Stored data ->
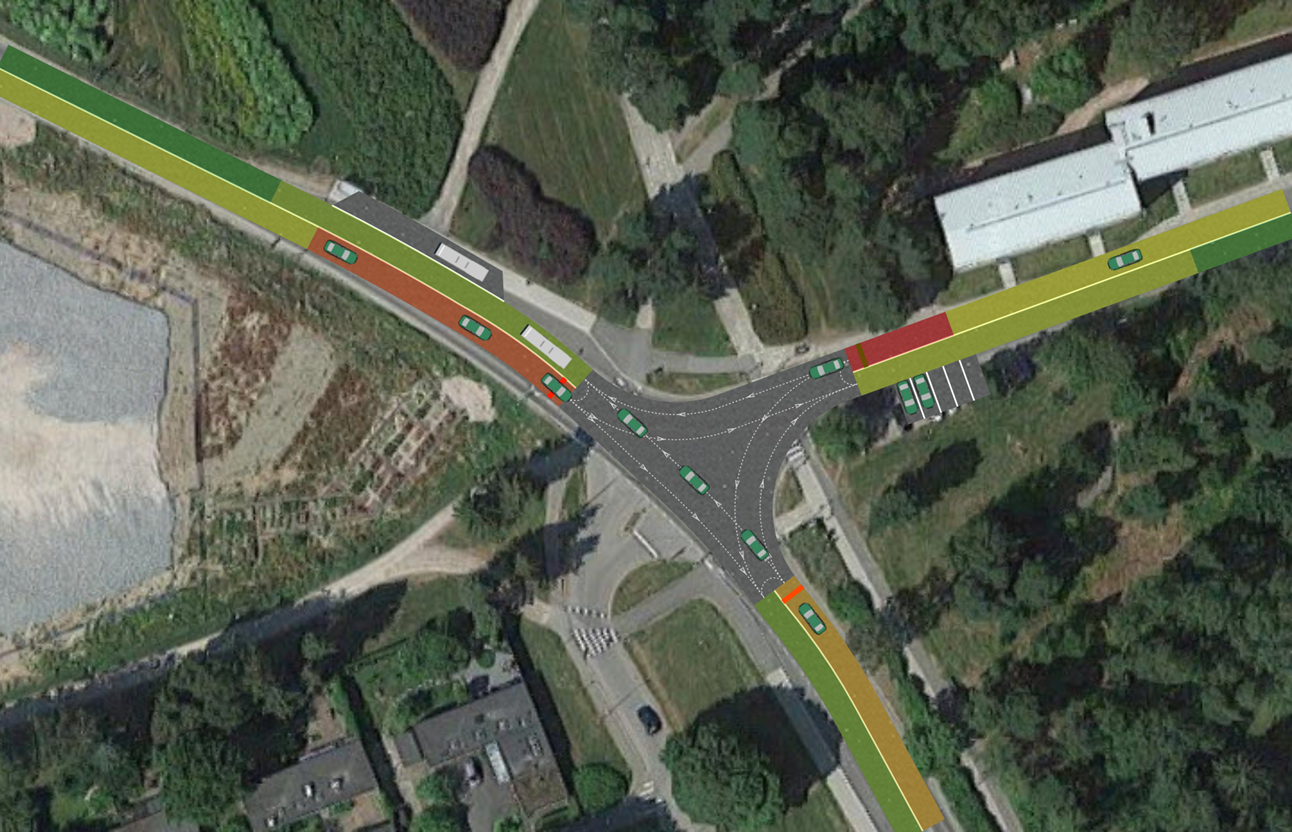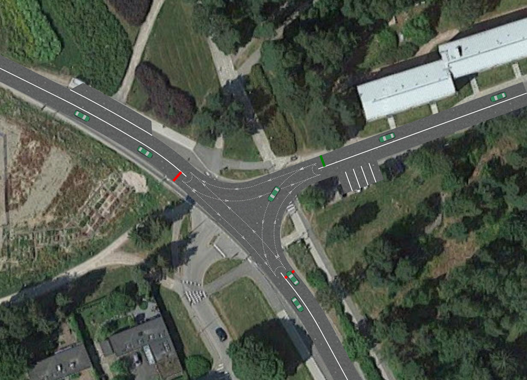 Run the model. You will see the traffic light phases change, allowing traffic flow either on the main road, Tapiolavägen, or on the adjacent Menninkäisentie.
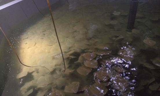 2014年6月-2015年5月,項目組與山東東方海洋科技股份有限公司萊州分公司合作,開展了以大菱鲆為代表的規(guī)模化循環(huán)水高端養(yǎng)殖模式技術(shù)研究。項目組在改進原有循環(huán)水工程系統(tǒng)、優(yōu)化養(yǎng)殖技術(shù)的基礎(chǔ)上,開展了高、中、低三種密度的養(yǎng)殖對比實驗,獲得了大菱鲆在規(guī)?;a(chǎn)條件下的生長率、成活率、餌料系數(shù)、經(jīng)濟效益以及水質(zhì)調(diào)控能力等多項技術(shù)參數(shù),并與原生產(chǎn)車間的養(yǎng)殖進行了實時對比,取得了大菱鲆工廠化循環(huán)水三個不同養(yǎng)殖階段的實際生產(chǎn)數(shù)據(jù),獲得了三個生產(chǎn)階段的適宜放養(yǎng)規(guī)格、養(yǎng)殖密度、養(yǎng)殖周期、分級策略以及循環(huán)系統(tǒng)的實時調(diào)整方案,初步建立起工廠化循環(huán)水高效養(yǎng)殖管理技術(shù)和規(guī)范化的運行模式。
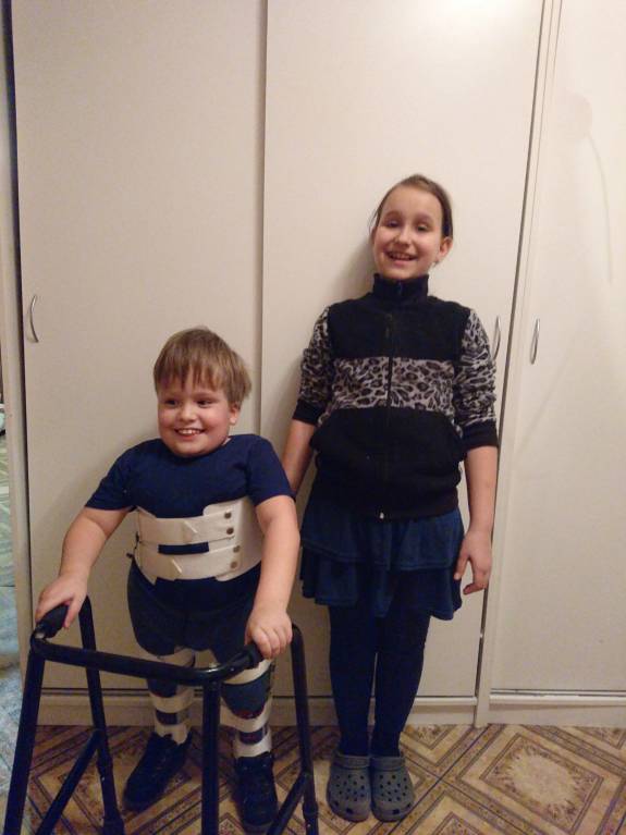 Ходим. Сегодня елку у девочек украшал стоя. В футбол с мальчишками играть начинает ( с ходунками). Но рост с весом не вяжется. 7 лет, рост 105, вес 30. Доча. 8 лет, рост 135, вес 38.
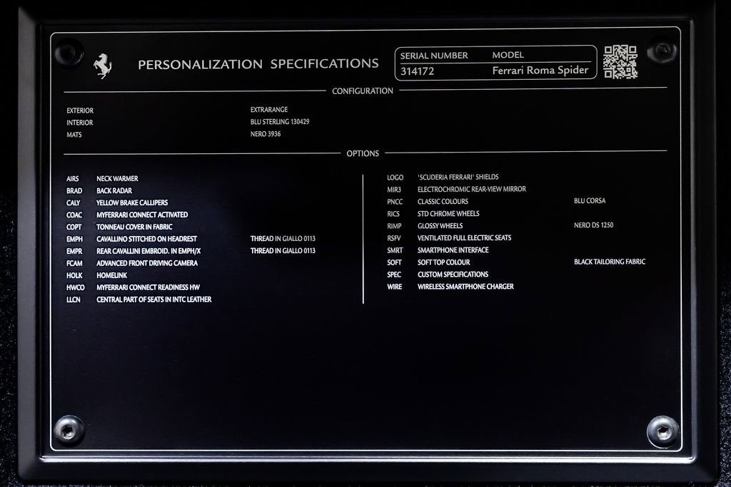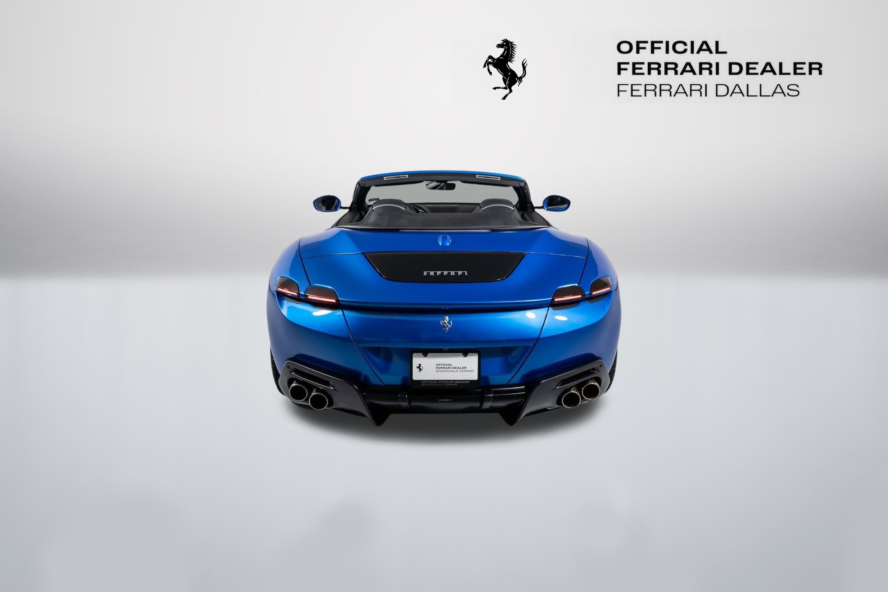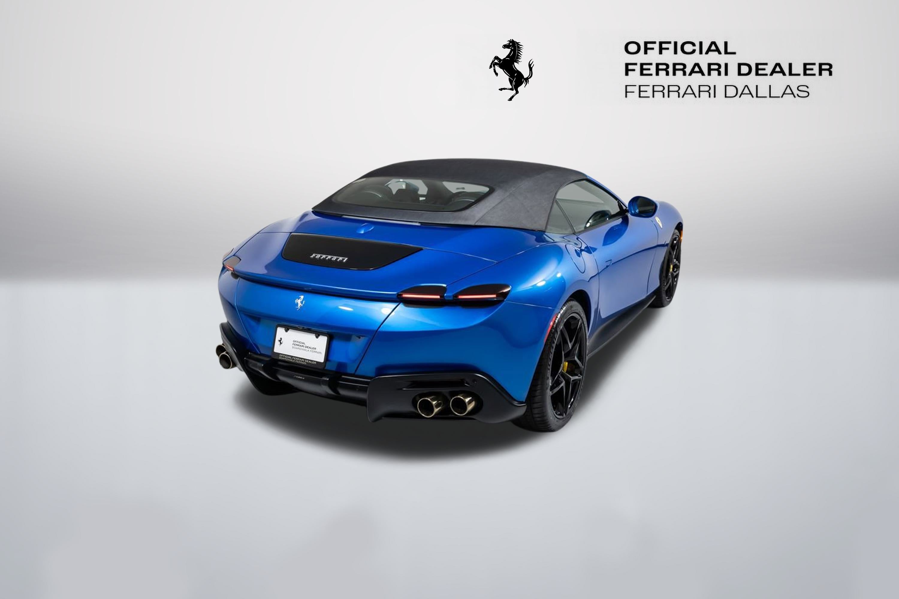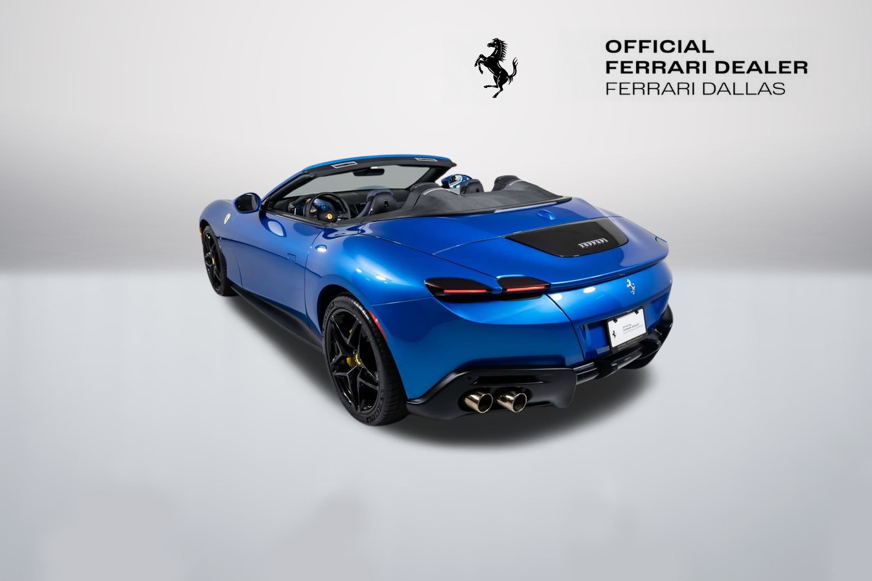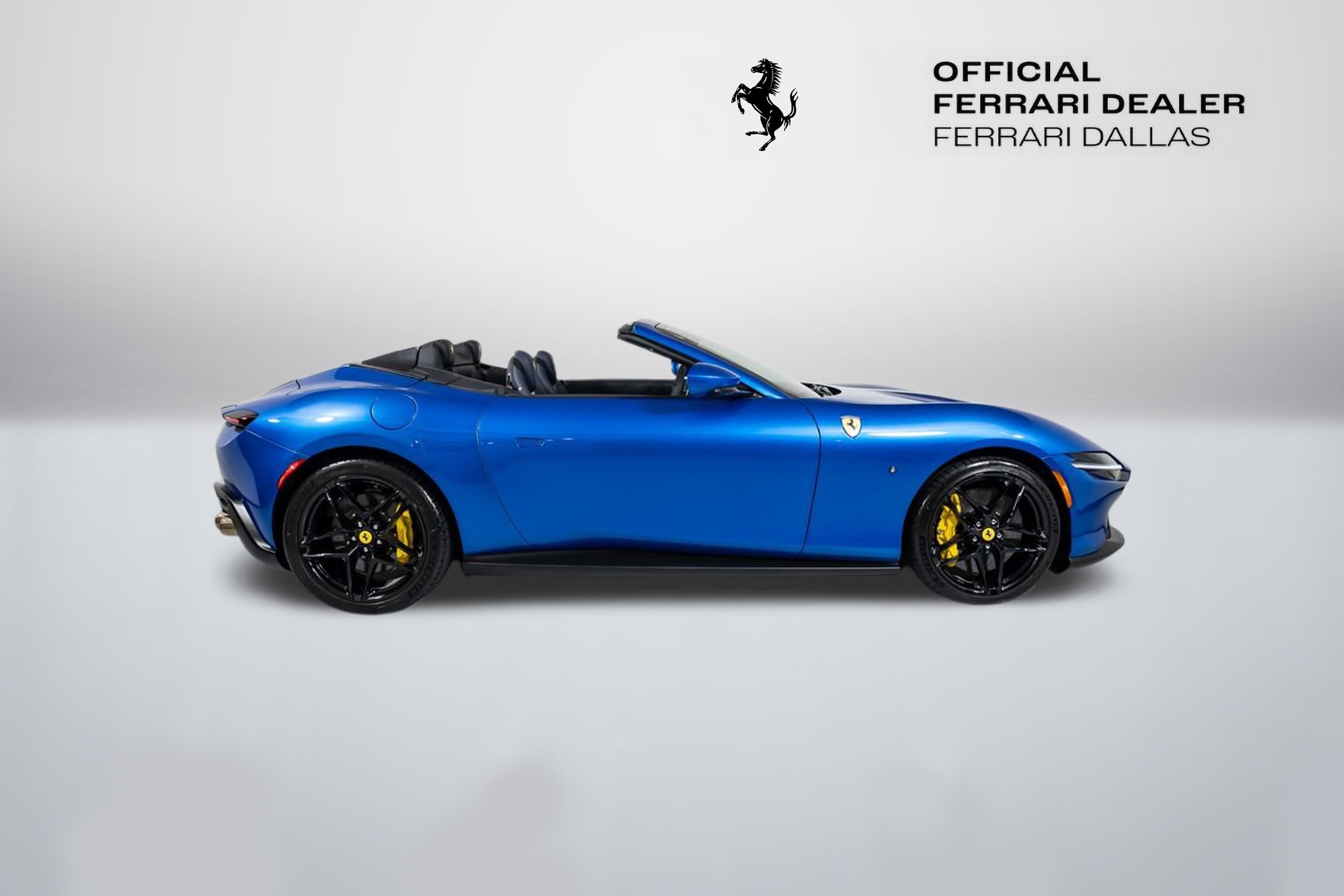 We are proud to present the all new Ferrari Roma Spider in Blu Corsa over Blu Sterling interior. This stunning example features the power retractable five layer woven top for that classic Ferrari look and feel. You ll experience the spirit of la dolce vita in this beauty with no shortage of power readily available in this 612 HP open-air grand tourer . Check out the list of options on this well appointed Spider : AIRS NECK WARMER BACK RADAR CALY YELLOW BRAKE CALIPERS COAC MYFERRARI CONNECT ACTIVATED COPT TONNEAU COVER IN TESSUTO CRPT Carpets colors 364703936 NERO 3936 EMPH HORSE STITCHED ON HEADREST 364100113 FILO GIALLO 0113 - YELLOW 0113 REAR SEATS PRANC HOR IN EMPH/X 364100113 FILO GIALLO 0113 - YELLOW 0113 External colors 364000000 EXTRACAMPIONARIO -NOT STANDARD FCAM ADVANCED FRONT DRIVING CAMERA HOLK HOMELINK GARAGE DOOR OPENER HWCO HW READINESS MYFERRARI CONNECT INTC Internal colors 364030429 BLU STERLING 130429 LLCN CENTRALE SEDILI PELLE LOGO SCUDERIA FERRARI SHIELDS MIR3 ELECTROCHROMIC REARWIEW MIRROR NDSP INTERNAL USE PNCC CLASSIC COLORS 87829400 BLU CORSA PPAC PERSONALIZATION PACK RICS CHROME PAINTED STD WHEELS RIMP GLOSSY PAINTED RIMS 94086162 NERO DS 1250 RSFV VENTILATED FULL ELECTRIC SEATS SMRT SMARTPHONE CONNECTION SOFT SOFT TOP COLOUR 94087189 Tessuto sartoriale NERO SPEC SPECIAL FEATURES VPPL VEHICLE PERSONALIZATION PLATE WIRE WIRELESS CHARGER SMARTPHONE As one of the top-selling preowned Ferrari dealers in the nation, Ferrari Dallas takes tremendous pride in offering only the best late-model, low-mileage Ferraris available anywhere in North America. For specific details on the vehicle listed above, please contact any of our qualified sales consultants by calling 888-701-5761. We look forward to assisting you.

Exercise description ->
A clean copy is needed of the lines above from the one with "2014年6月-2015年5" up to and including the one with "Ходим. Сегодня елку". Please set it down exactly, with no pictures.

Answer to the problem ->
 2014年6月-2015年5月,項目組與山東東方海洋科技股份有限公司萊州分公司合作,開展了以大菱鲆為代表的規(guī)模化循環(huán)水高端養(yǎng)殖模式技術(shù)研究。項目組在改進原有循環(huán)水工程系統(tǒng)、優(yōu)化養(yǎng)殖技術(shù)的基礎(chǔ)上,開展了高、中、低三種密度的養(yǎng)殖對比實驗,獲得了大菱鲆在規(guī)?;a(chǎn)條件下的生長率、成活率、餌料系數(shù)、經(jīng)濟效益以及水質(zhì)調(diào)控能力等多項技術(shù)參數(shù),并與原生產(chǎn)車間的養(yǎng)殖進行了實時對比,取得了大菱鲆工廠化循環(huán)水三個不同養(yǎng)殖階段的實際生產(chǎn)數(shù)據(jù),獲得了三個生產(chǎn)階段的適宜放養(yǎng)規(guī)格、養(yǎng)殖密度、養(yǎng)殖周期、分級策略以及循環(huán)系統(tǒng)的實時調(diào)整方案,初步建立起工廠化循環(huán)水高效養(yǎng)殖管理技術(shù)和規(guī)范化的運行模式。
 Ходим. Сегодня елку у девочек украшал стоя. В футбол с мальчишками играть начинает ( с ходунками). Но рост с весом не вяжется. 7 лет, рост 105, вес 30. Доча. 8 лет, рост 135, вес 38.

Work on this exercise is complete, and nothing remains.